Work request :: Restate each line of the listing exactly, without carrying over any pictures.
··· Given information
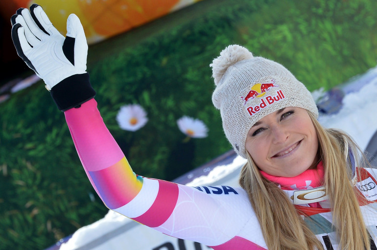 Lindsey Vonn après sa 62e victoire en Coupe du monde, le 18 janvier 2015
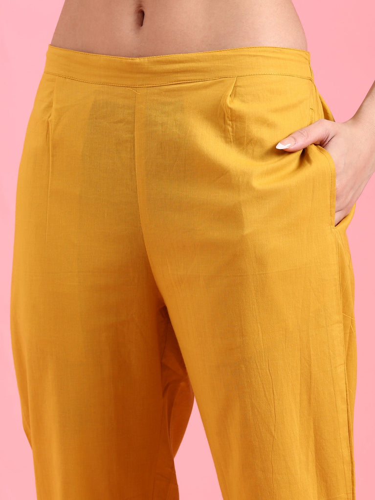This Exquisite Set Is Crafted From Pure Cotton And Patterned With Luxurious Ethnic Motifs. It Features A Deep V-Neck, ¾ Length Sleeves, A Gorgeous Knee-Length Straight Cut, And A Finely Detailed Hemline. The Trousers And Dupatta Provide A Perfect Finishing Touch For A Timelessly Glamorous Ensemble.
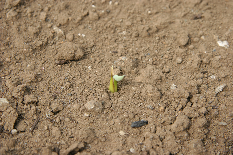 4月25日に植えたエダマメは全滅でした。原因は雨が多かったため、種が溶けた?(マメ類は水に弱い)。
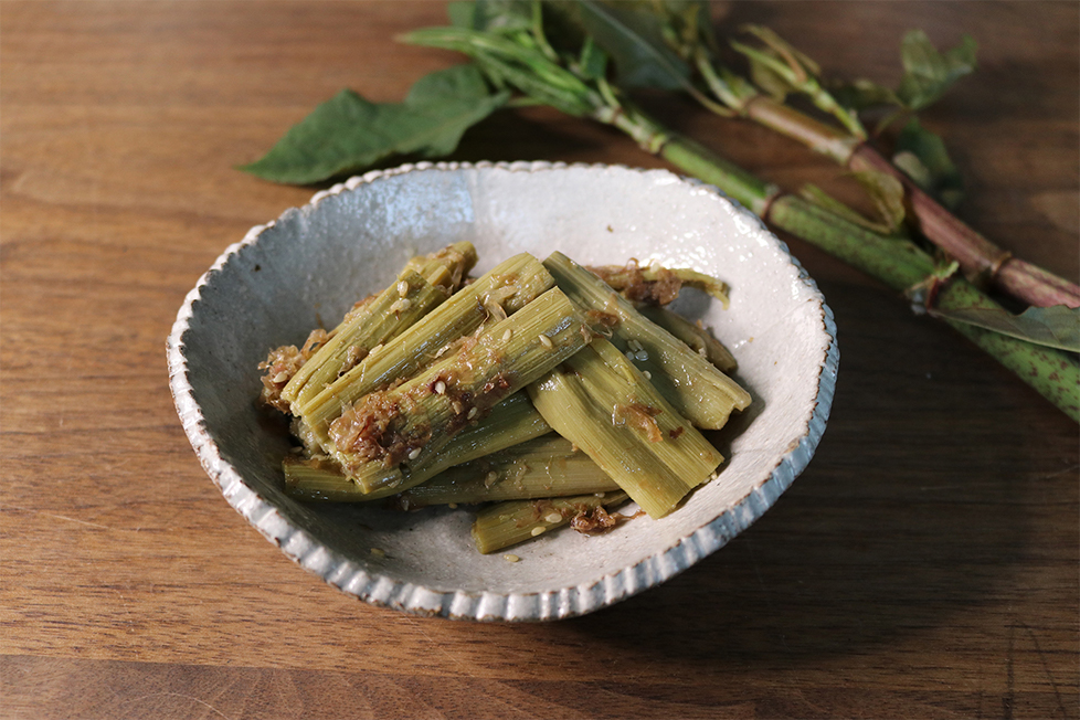 高知県でイタドリを使った料理の定番は「油炒め」。イタドリは油と相性がいい山菜なのだ。アク抜きしたイタドリ(300g程度)を大さじ1のごま油でさっと炒める。砂糖大さじ1、醤油大さじ2、かつお節をたっぷり加えてさらに炒めて味をなじませ、お好みで白ゴマをふる。下茹でしているので、手早く炒めるのがコツ。
······
Response box ::
 Lindsey Vonn après sa 62e victoire en Coupe du monde, le 18 janvier 2015
This Exquisite Set Is Crafted From Pure Cotton And Patterned With Luxurious Ethnic Motifs. It Features A Deep V-Neck, ¾ Length Sleeves, A Gorgeous Knee-Length Straight Cut, And A Finely Detailed Hemline. The Trousers And Dupatta Provide A Perfect Finishing Touch For A Timelessly Glamorous Ensemble.
 4月25日に植えたエダマメは全滅でした。原因は雨が多かったため、種が溶けた?(マメ類は水に弱い)。
 高知県でイタドリを使った料理の定番は「油炒め」。イタドリは油と相性がいい山菜なのだ。アク抜きしたイタドリ(300g程度)を大さじ1のごま油でさっと炒める。砂糖大さじ1、醤油大さじ2、かつお節をたっぷり加えてさらに炒めて味をなじませ、お好みで白ゴマをふる。下茹でしているので、手早く炒めるのがコツ。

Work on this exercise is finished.